As mentioned in my comments, dcast from "reshape2" is quite convenient for this. You can get similar functionality from xtabs in base R if you're just doing the reshaping step.
x <- xtabs(NY.GDP.PCAP.CD ~ year + iso2c, wdi)
head(x)
# iso2c
# year CH DE US
# 1980 17807.34 11746.404 12179.56
# 1981 16219.91 9879.457 13526.19
# 1982 16527.46 9593.657 13932.68
# 1983 16398.24 9545.859 15000.09
# 1984 15601.26 9012.479 16539.38
# 1985 15748.95 9125.121 17588.81
xtabs creates a matrix of class "xtabs", so to get a data.frame, wrap the output in as.data.frame.matrix.
head(as.data.frame.matrix(x))
# CH DE US
# 1980 17807.34 11746.404 12179.56
# 1981 16219.91 9879.457 13526.19
# 1982 16527.46 9593.657 13932.68
# 1983 16398.24 9545.859 15000.09
# 1984 15601.26 9012.479 16539.38
# 1985 15748.95 9125.121 17588.81
To answer your other question you had asked in your comment: However isn't their a smarter way that puts the data directly to the right format by using only the reshape function?. The answer is "Yes. Just swap what you were using for the "idvar" and "timevar" in your original reshape attempt."
y <- reshape(wdi[-2], direction = "wide", idvar="year", timevar="iso2c")
## Optional step to clean up the resulting names
names(y) <- gsub("NY.GDP.PCAP.CD.", "", names(y))
head(y)
# year CH DE US
# 1 2010 70572.66 40163.82 46615.51
# 2 2009 65790.07 40275.25 45305.05
# 3 2008 68555.37 44132.04 46759.56
# 4 2007 59663.77 40402.99 46349.12
# 5 2006 54140.50 35237.60 44622.64
# 6 2005 51734.30 33542.78 42516.39
When using the reshape function, sometimes it helps to ignore the "id" and "time" parts of the argument names and think instead about where they are to go.
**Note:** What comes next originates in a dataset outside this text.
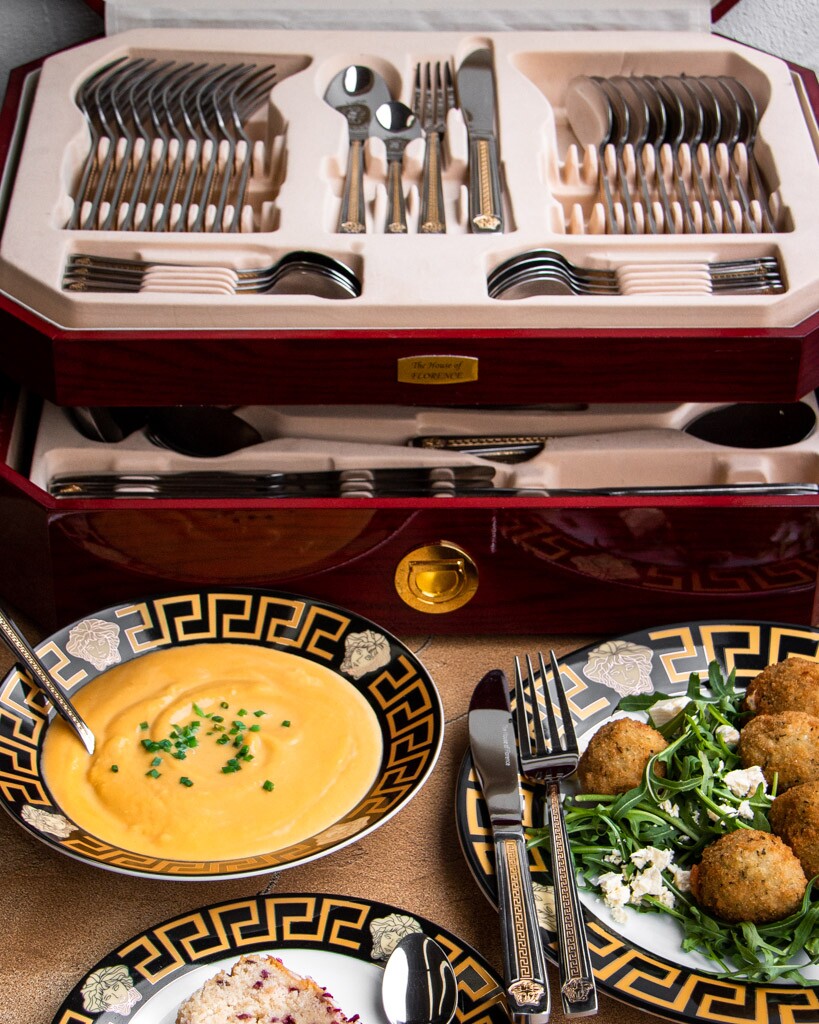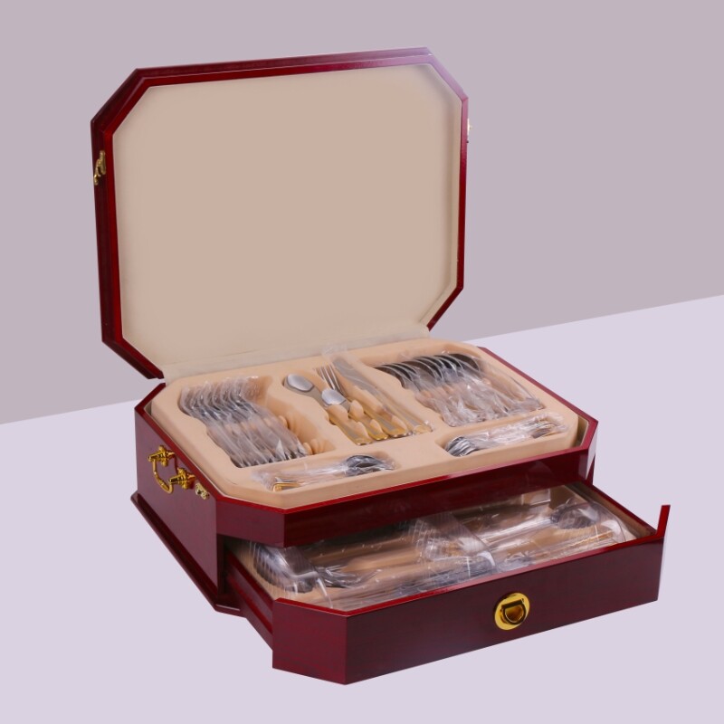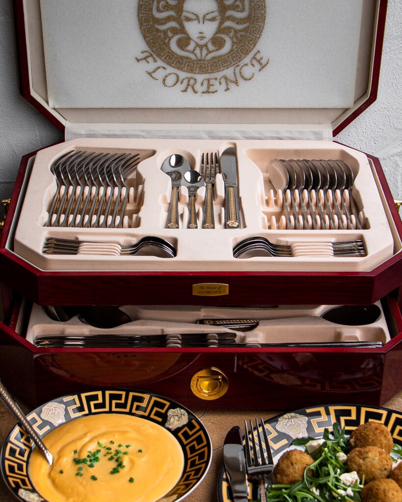 Packaged in a sumptuous wooden display case with a convenient draw, this set not only serves as a functional dining essential but also doubles as a captivating piece of art for your home. Whether you’re hosting a formal dinner party or simply enjoying a meal with loved ones, our Gold-Plated Cutlery Set promises to make every moment unforgettable. Elevate your dining experience with a touch of luxury that transcends ordinary utensils.

ID variables usually make up a column, and time variables usually spread out wide, one column for each time. So, even though we might think of "country" as the actual ID variable, for the data format that you want, it is more of a time variable.
Hopefully this helps, even though you've already accepted an answer :)
It is really easy to achieve using reshape2.
require(reshape2)
dcast(wdi[,-2], year ~ iso2c, value.var = 'NY.GDP.PCAP.CD')
EDIT. Oops, I did not see the comment posted by Ananda Mahto with the same solution. Anand, if you post your comment as an answer, I will delete mine.
Here is a base R solution.
# renames the NY.GDP column and drops all but two columns
trans_one <- function(dat) {
newcol <- dat[1, "iso2c"]
idx <- which(colnames(dat)=="NY.GDP.PCAP.CD")
colnames(dat)[[idx]] <- newcol
dat <- dat[,c(newcol, "year")]
dat
}
# split by country
sp <- split(wdi, wdi$iso2c)
# merge
fun <- function(x,y) {
merge(x, trans_one(y), by="year", all=TRUE)
}
Reduce(fun, x=tail(sp, -1), init=trans_one(sp[[1]]))
However, the reshape2 looks more straightforward to me now.